В общем, в лагерь они поехали. И Тата тоже. Сидела в автобусе впереди них и всю дорогу вопила: «Тоська, погляди, какое дерево!», «Тоська, что такое буква «Р» и перечёркнута?» Как будто он все знаки обязан помнить.
О том, что их должны выгнать из лагеря, они ей, конечно, не сказали. А то отговаривать будет. Всю дорогу они шептались, придумывали, что ещё надо сделать, чтобы поскорей отправили.
— Хорошо бы вожатого в речку столкнуть...—сказал Вова.—Не нарочно, конечно...

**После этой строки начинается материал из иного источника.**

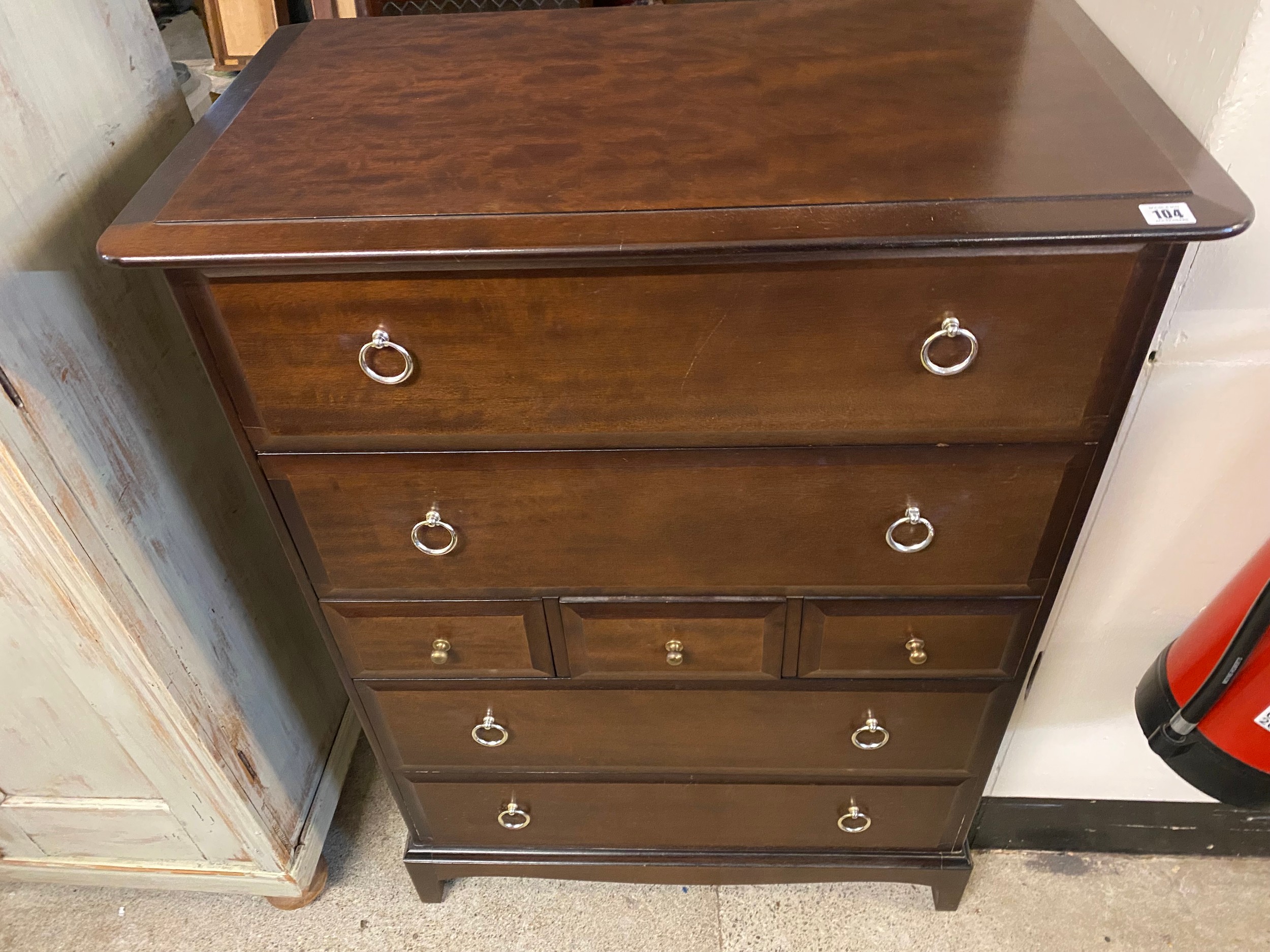 A Stag Minstrel mahogany chest fitted three narrow and four wide drawers - 32in. wide

— Только пусть выговор не объявляют,— сказал Тоська Вове, когда» проехали деревню Ликино и их тряхнуло на железнодорожном переезде.—Лучше пусть напишут что-нибудь другое — трудный ребёнок, например.
— Я совсем не трудный,— сказал Вова.— Может, ты трудный, а я даже очень лёгкий. Просто не хочу. Может человек не хотеть?
Когда Вова спрашивал об этом свою маму, она говорила, что он молод ещё разбираться — что хочу, чего не хочу. Но Вова думал, что никто не молод. У всех ведь могут быть желания и нежелания. Даже у самой последней бактерии...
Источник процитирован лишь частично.